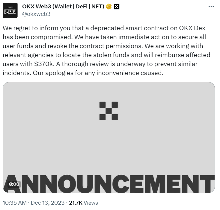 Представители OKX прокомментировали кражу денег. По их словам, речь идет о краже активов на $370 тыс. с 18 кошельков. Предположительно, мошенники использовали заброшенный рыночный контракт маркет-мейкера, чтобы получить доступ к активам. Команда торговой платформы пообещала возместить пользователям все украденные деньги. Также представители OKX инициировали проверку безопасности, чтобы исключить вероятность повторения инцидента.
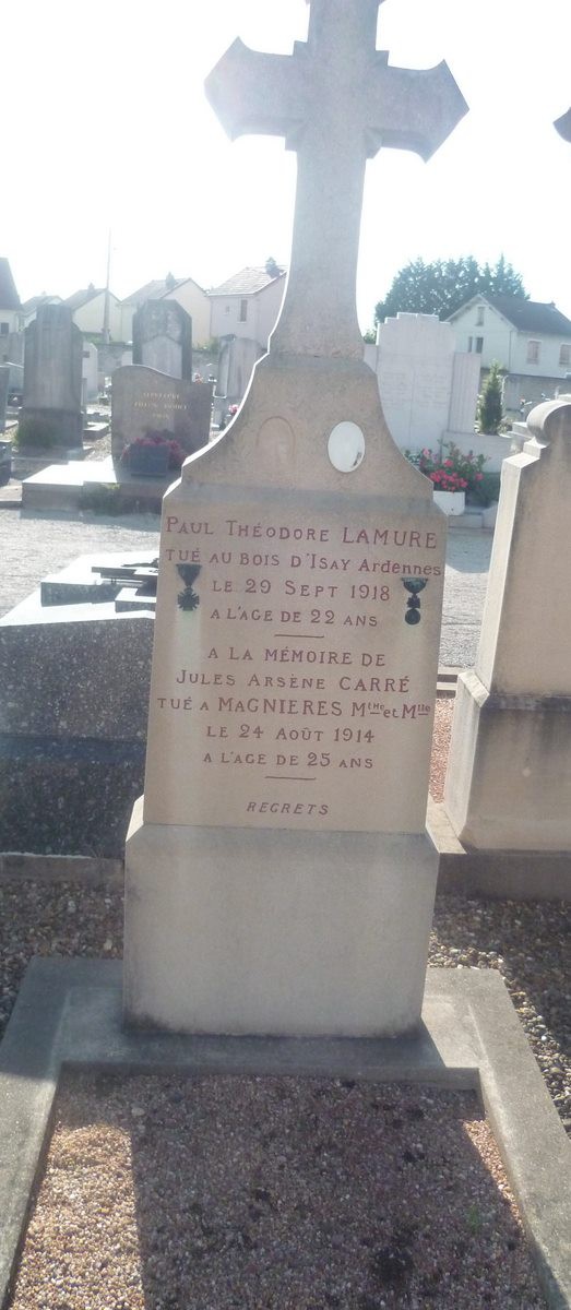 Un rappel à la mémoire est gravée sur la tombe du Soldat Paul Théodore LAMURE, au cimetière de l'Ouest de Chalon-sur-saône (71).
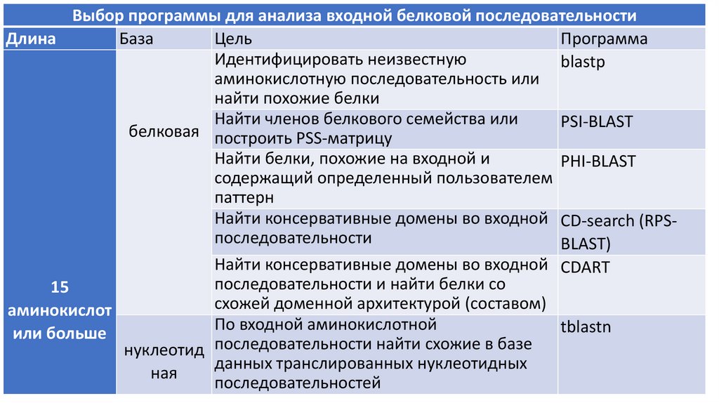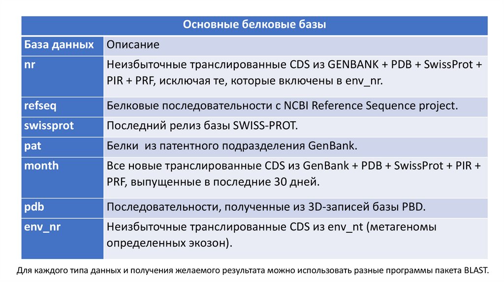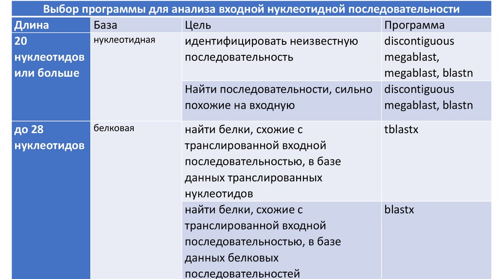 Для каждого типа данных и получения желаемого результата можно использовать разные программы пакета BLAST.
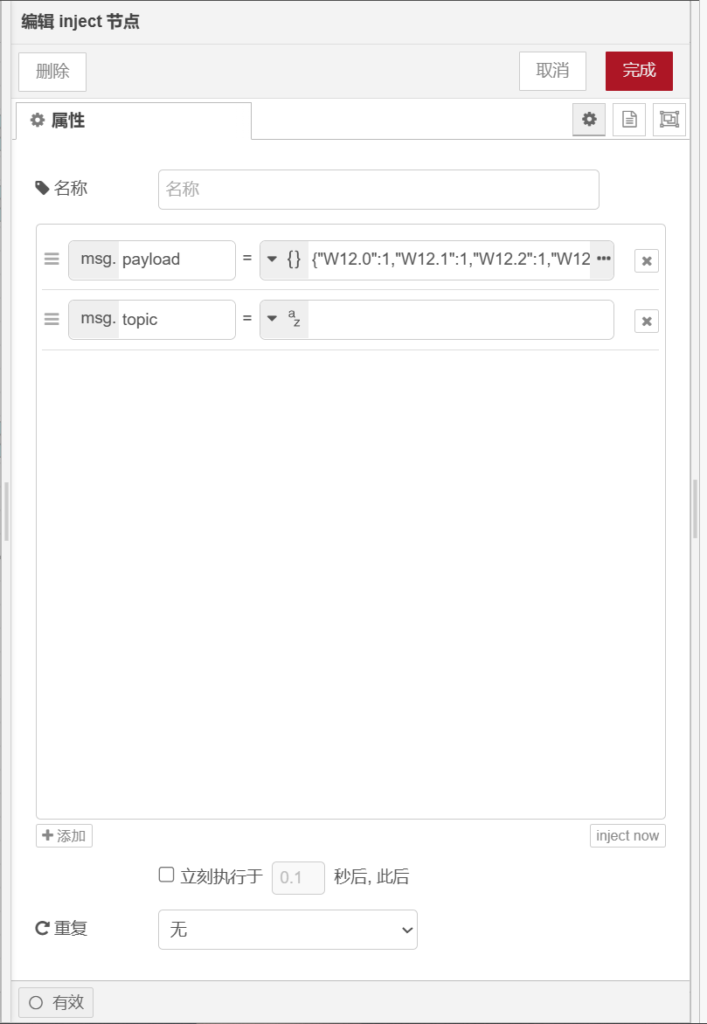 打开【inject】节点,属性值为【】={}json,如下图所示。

(What the task requires): Leave out the pictures and repeat exactly the lines from the first line of the data through the line containing "Для каждого типа". Add nothing else.

(Exercise solution):
 Представители OKX прокомментировали кражу денег. По их словам, речь идет о краже активов на $370 тыс. с 18 кошельков. Предположительно, мошенники использовали заброшенный рыночный контракт маркет-мейкера, чтобы получить доступ к активам. Команда торговой платформы пообещала возместить пользователям все украденные деньги. Также представители OKX инициировали проверку безопасности, чтобы исключить вероятность повторения инцидента.
 Un rappel à la mémoire est gravée sur la tombe du Soldat Paul Théodore LAMURE, au cimetière de l'Ouest de Chalon-sur-saône (71).
 Для каждого типа данных и получения желаемого результата можно использовать разные программы пакета BLAST.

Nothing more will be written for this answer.